店の暖簾をくぐると、土間の床がひんやりと足元に心地よい。囲炉裏の炭火が静かに燃え、煙がゆらゆらと天井へと昇っていく。木の香りと炭の匂いが混ざり合い、どこか懐かしい空気が漂う。壁には江戸時代の旅人たちの写真が飾られ、時の流れを超えて彼らの息遣いが感じられる。

名物の甘酒は、米と米麹だけで作られた自然な甘さが特徴だ。砂糖や添加物を一切使わず、ノンアルコールで仕上げられている。一口含むと、ほのかな甘みが口いっぱいに広がり、旅の疲れがすっと和らぐ。江戸時代から変わらぬ製法で作られるこの甘酒は、まさに「飲む点滴」とも称される滋養豊かな一杯だ。 (amasake-chaya.jp)

力餅もまた、旅人たちに愛されてきた逸品である。

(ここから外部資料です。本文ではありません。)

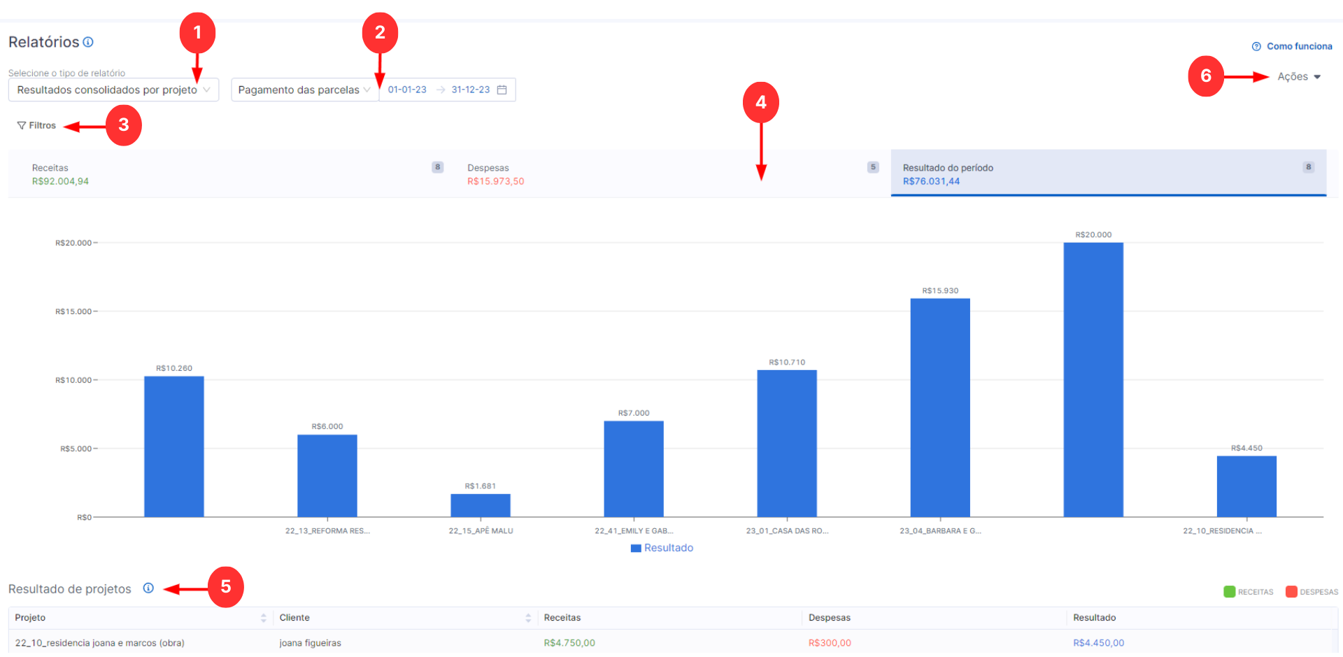 5. Resultado de projetos - depois do gráfico, é possível analisar os mesmos dados pela visualização de lista, e por aqui você tem a informação do cliente cadastrado em cada projeto e o resultado consolidado ou previsto - a depender da forma que o relatório for configurado.

備長炭でふっくらと焼き上げられたお餅は、外は香ばしく、中はもちもちとした食感が楽しめる。醤油の香ばしさが際立つ「いそべ」、ほんのり甘いきな粉をまぶした「うぐいす」、すりたての黒ごまを混ぜた「黒ごま」(数量限定)の三種類があり、それぞれに異なる風味が旅人の舌を楽しませてくれる。 (amasake-chaya.jp)

この茶屋には、赤穂浪士の一人、神崎与五郎にまつわる逸話が伝えられている。江戸へ向かう途中、馬子の丑五郎から馬を勧められたが断ったため、丑五郎は悪態をついた。与五郎は刀に手をかけるも、大事の前の小事と涙を飲んで我慢し、甘酒茶屋で詫び証文を書き、土下座して謝ったという。後に丑五郎は、あの時の浪人が神崎与五郎と知り、悔い改めたと伝えられている。 (tabiulala.com)

店内には、旅人たちが腰を下ろし、甘酒をすすりながら語らう姿が見られる。窓の外には、箱根の豊かな自然が広がり、四季折々の風景が心を和ませてくれる。春には新緑が芽吹き、夏には蝉の声が響き渡る。秋には紅葉が山々を彩り、冬には雪景色が静寂をもたらす。どの季節に訪れても、ここには変わらぬ温もりと安らぎがある。

甘酒茶屋は、ただの休憩所ではない。それは、時代を超えて旅人たちの心をつなぐ場所であり、歴史と文化が息づく空間である。ここで味わう一杯の甘酒は、過去と現在を結ぶ架け橋となり、訪れる者に深い感動を与えてくれる。箱根の山々に抱かれたこの茶屋で、あなたも時の流れに身を任せ、心の旅を楽しんでみてはいかがだろうか。